Demikian, dengan adanya seks yang sesuai norma agama. Maka wujud penyakit HIV-AIDS akan nyata terlihat segmentasinya. Karena sebagian besar penderita HIV-AIDS adalah orang-orang yang melakukan hubungan seks ilegal, bahkan jika sudah menikah pun pastinya sebelumnya pernah melakukan seks bebas. Belum lagi dengan para remaja kita yang sudah familiar dengan yang namanya pacaran. Berlanjut dari hubungan biasa dan kemudian berakhir dengan hubungan seks bebas yang memang rentan akan penyakit mematikan ini.
Alangkah lebih baiknya lagi, jika para LSM-LSM tidak mengkampanyekan bahaya seks bebas dengan membagi-bagikan kondom di wilayah umum. Manakala kondom tersebut dibagikan di ranah lokalisasi silakan saja, karena hak tersebut ada dalam pemerintah guna menangani para PSK yang terlanjur jatuh ke dalam penyakit tersebut. Dengan membagi-bagikan kondom secara terbuka, maka jangan kaget jika penderita AIDS bukannya turun tapi terus melaju hingga tingkat yang mengkhawatirkan.

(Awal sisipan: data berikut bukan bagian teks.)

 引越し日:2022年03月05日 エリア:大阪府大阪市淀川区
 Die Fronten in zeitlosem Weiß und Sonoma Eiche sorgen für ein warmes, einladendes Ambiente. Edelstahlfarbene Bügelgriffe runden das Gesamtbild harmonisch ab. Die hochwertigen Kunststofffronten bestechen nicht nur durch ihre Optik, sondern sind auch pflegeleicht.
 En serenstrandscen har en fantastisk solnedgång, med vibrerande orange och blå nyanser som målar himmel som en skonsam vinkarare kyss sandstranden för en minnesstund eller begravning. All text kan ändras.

Upaya pemerintah pun, baik pemerintah pusat maupun daerah. Hendaknya bekerja lebih intensif sesuai dengan domain mereka. Jika pemerintah pusat bisa memasukkan kurikulum pendidikan seks ada dalam pelajaran agama. Kenapa tidak? Bukannya seks dalam agama bisa diperjelas secara hitam dan putihnya. Untuk pemerintah daerah sendiri, akan lebihnya mengurangi jumlah kondom yang bertebaran guna menjaga jatuhnya kembali korban akan iming-iming mainan sesaat ini. Bahkan bila perlu, kondom hanya akan diperjualbelikan untuk para suami istri yang sah, guna meredam penggunaan kondom yang tidak pada tempatnya.

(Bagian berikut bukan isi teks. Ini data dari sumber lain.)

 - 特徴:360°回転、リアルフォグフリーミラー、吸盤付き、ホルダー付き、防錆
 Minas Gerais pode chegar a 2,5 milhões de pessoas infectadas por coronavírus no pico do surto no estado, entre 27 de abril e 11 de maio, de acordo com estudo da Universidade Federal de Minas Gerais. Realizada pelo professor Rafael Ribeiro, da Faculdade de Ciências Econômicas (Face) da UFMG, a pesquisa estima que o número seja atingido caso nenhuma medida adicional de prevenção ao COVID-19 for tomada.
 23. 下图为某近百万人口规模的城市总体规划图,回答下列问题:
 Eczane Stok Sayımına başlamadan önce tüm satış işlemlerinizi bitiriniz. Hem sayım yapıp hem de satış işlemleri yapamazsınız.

Terakhir, pemerintah daerah dapat lebih menekan pusat-pusat lokalisasi agar mati secara berangsur-angsur. Contoh kasus adalah penanganan pemkot Surabaya dalam mengawal lokalisasi Kremil menuju kematian. Beragam cara dilakukan agar Kremil berubah status dan pusat lokalisasi bisa dimatikan. Secara preventif, memang para pengguana lokalisasi turun drastis akibat oembatasan penambahan PSK baru. Secara kuratif pun, para ”mantan” PSK tersebut juga dibekali ilmu-ilmu kewirausahaan sebagai bekal hidup selanjutnya. Seperti inilah, langkah konkret pemerintah yang patut dicontoh pemerintah daerah lainnya bahkan LSM-LSM sekalipun yang giat dan fokus akan isu-isu HIV-AIDS.